The kicker with the Schwarber ball, which was in such a rare place that it might have been able to be authenticated, is that the crew left Tuesday night before it was known a ball was on top of the board. Posner said they must authenticate an item the same day it is used.
"If there's any shadow of a doubt, if there's any loss in the chain of custody, (we can't 100 percent guarantee it)," Posner said. "We're not disputing the authenticity of an item. We're just saying these are the guidelines we have to maintain a working and reputable program. ... It's not that I don't trust the Cubs. It's probably more than very likely that that's the ball up there."
Posner did say, though, that postseason baseballs have markings on them that likely helped the Cubs to identify it. He said regular-season balls have blue ink with the MLB batter's logo, while early playoff games bear silver ink with the postseason logo.
Citizen investigators were the ones who brought the ball to the Cubs' attention in the first place.
WLS-7 first reported the ball was there after the Game 4 victory, and Tom Comings, an enterprise architect for Tribune Publishing who was taking photos of the board from section 538 in the right field upper-deck corner confirmed it Wednesday.
Comings took shots of the board during the Harry Caray video during the seventh-inning stretch, and then came the Schwarber shot that was heard 'round Wrigleyville.
"Nobody actually saw where it went at first, and then instantly I said, 'There it is, on top of the scoreboard,'" Comings said. "I put the picture on Twitter, and pictures from the seventh-inning stretch that clearly shows there was no ball up there then. ... It had to ricochet perfectly to land there."
After the game, Comings and a friend of his asked a TBS cameraman if the network had shown where the ball landed, assuming it was captured on TV. The cameraman, who was located in the upper deck behind home plate, zoomed in and told them he couldn't see the top of the videoboard because his angle was too low.
Comings then went behind the Cubs' dugout to join the celebration and told an usher about the Schwarber ball.
The usher referred him to the guest relations department.
"We showed them the picture and they got on radio and were verifying it was up there," he said. "They told me they'd send someone to retrieve it, and then they called us back and gave us some stuff as thanks, a (Jon) Lester bobblehead, a thermos lunch bag and an Ernie Banks pin."
Later Tuesday evening, sportscaster Mark Giangreco showed a video taken from a WLS-7 chopper. Giangreco said they couldn't verify whether it was the actual ball, but he knew of no other ball that had been hit that far to right field during a game. The video boards are in the first year of existence.

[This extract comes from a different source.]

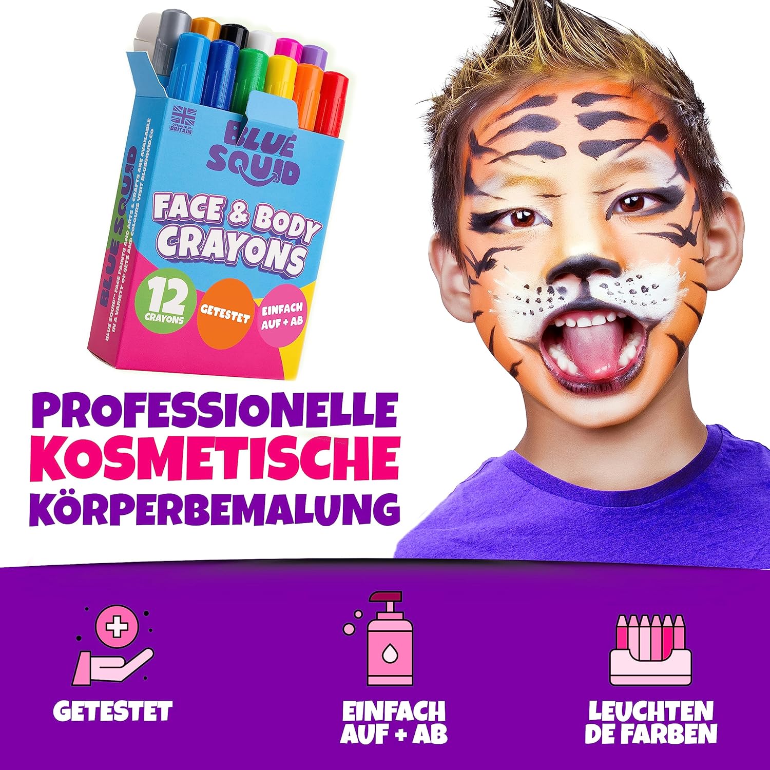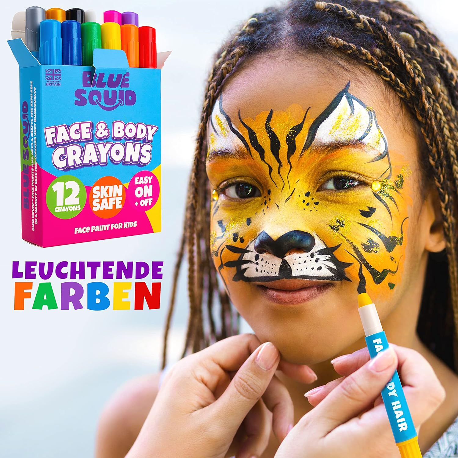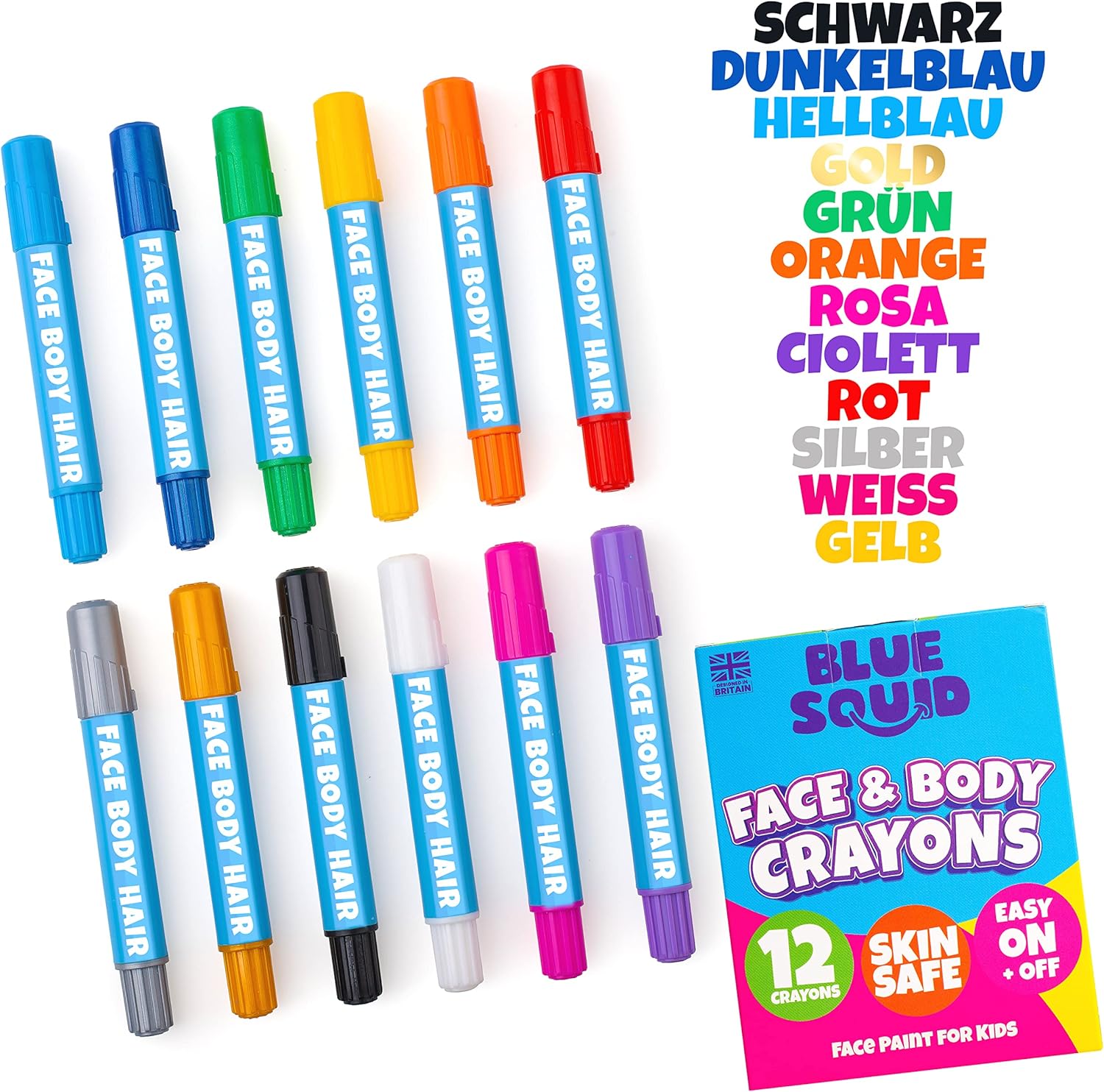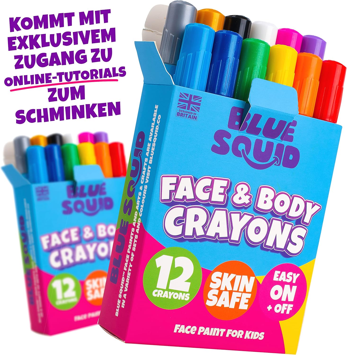FACILE DA USARE ZERO PULIZIA: i pastelli rotanti dipingono matite colorate senza bisogno di acqua, basta spazzolare le matite colorate direttamente sulla tua piccola pelle. Con il prodotto per body painting più pulito, senza macchie e senza pulizia disponibile. COLORI AMAZIN - Dipinti con un arcobaleno e non è tutto A differenza di prodotti simili, i bastoncini di pittura per il viso della migliore qualità sono 2 volte più grandi (14 cm) con abbastanza vernice per colore da poter essere utilizzati per oltre 80 volti. Ideale per scuola, chiesa, festival, carnevali, celebrazioni, feste di compleanno, calcio e altri eventi sportivi, spettacoli teatrali, giochi di ruolo DIVERTIMENTO PER IL TRUCCO SICURO DEI BAMBINI - I colori per il viso Blue Squid dei tuoi bambini sono cosmetici professionali di alta qualità, ipoallergenici, senza parabeni, non tossici e conformi alla FDA, il che li rende ideali per i bambini con pelle sensibile. Sono a base d'acqua, quindi pulire il viso è semplice e veloce come rimuovere la vernice con una salvietta per neonati o un panno e detersivo per i piatti. DIVERTITI CON I TUOI BAMBINI - Non devi essere un artista o un truccatore professionista per offrire ai tuoi bambini ore di divertimento creativo che non dimenticheranno mai con i loro kit per truccabimbi. Come cliente Blue Squid, avrai accesso immediato a un'entusiasmante guida online alla pittura del viso per bambini con video passo dopo passo che ti mostrano come realizzare tutti i tipi di fantastici disegni di pittura per il viso. GARANZIA DI SODDISFAZIONE AL 100% - Abbiamo completa fiducia nella qualità delle nostre vernici per il viso. Se hai qualche dubbio o non sei completamente soddisfatto, siamo qui per aiutarti. Ti garantiamo che sarai soddisfatto del tuo acquisto. Ordina oggi in tutta tranquillità!

Now that the Cubs have verified the ball, the next mystery is how exactly it rested on top of the 2,250-square foot board, as videos have yet to surface showing it ricocheting off the Budweiser sign or bouncing behind it and rolling back. One fans tweeted that it hit the "W" in Budweiser, perhaps an omen in a ballpark where waving "W" flags has become de rigueur this October.
Social media was in a frenzy Wednesday, and everyone seemingly had something to say about it.
The most notorious baseball in Cubs history -- the Bartman ball from the 2003 NLCS -- was vilified so much restaurateur Grant DePorter bought it and blew it up, upsetting Steve Bartman for piling on, according to Bartman's attorney, Frank Murtha.
This one has a happier storyline attached, but how the legend of the Schwarber ball holds up as compared with the Bartman ball could depend on how far the team goes this fall.
Either way, the Schwarber ball has secured its place in Cubs lore, just like the team itself.